When I was very young I remember wanting to learn piano. We didn’t have one and so I couldn’t practice. A friend of the famillly was getting rid of their piano and I remember begging my parents to get it. It was old and needed some repairs, but nothing impossible. But my parents are lazy and subscribe to the dictum why do something today when you can fuck it up tomorrow? So we didn’t get it. And I had to wait until I was about 11 to get a Casio keyboard and start taking lessons. Of course a keyboard is not a piano and after 6 months, in which I did the equivalent of 2 & 1/2 years at the Algerian conservatory, I found that not having a proper analogue, as it were, instrument was impairing my learning so I stopped.

It wasn’t until I was 16 that I picked up a guitar and started learning on that instead. Don’t get me wrong, I love the guitar, and I’m very happy that I learned that, but I still feel a little bit sad that I never continued my piano lessons. Well if I ever live in a house I will buy a piano and start taking lessons again. This is one of my regrets and I shouldn’t let it be so.

Well this post was quite a journey. It started with my tennis lesson and ended up with me blaming my parents for not playing piano, I’m not crazy. I need to go back to work now, I have a couple of things to do before I sleep.

No Internet

Posted in about the blog, Friends, Me, Uncategorized, Work with tags , , , , , , , , on 24/06/2010 by arabrhizome

So today’s post will be short as well. Z’s leaving tomorrow for a bit over 2 weeks, so I’ll be hanging out with her. And so, I will be leaving here soon and will be in a non-internet place. I have been working quite well today. I decided to take a break now and write this, so as soon as I finish I’ll get back to work, and hopefully be done with my quota before leaving.

I went to sleep almost straight after writing last night’s post. But I woke up this morning feeling a lot better. I have been writing a lot today. I’m still way off my target but if I keep writing consistently then I’ll make up for lost time by September or October. I really need not to get distracted in the next three four months.

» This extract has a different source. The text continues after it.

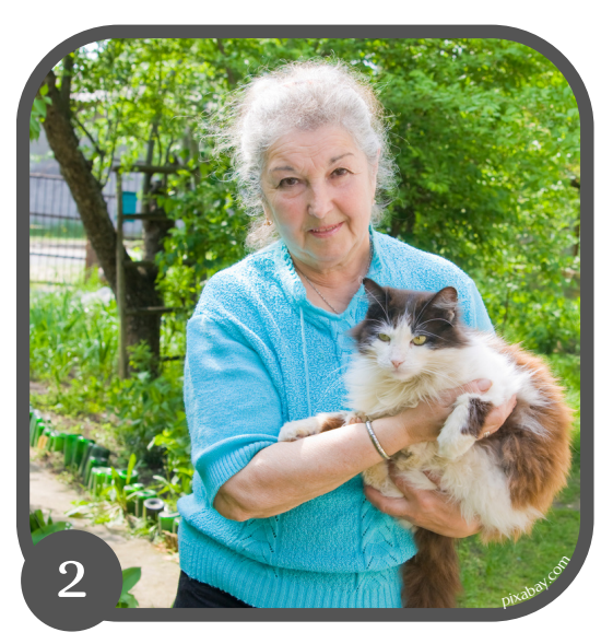
Student A: Can owning a pet be educational for both, the young and the elderly? How?

PART 3 Here are some difficult situations that people experience in their lives. Talk to each other about how these events might influence their lives.
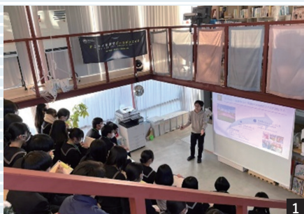
Lecture by Representative Wada

It’s therefore very good that my mom is coming to visit for two weeks at the end of July, and then almost straight after my dad is coming for a month, also a friend of mine is coming to visit for a bout 2 weeks. It’s good that all of this is happening when I need to focus completely on my work. I’m sure it’ll be fine, I just need to divide my time properly.

So I’m looking for a new place to maybe move to. That’s another thing to worry about. I am hoping to find a place before my mom gets here, so I can move there in time for her to visit. The thing is, the flat I’m in is very nice, but it’s really too small. I need an extra space for work. So a study of some sort. I have a few leads. Next week will be viewing week. I’ll keep you all updated. Now, back to the coal mines (because working in a coal mine is exactly the same as sitting in my living room and writing on my laptop. It is exactly the same so the analogy is fully justified. Fully justified I say!).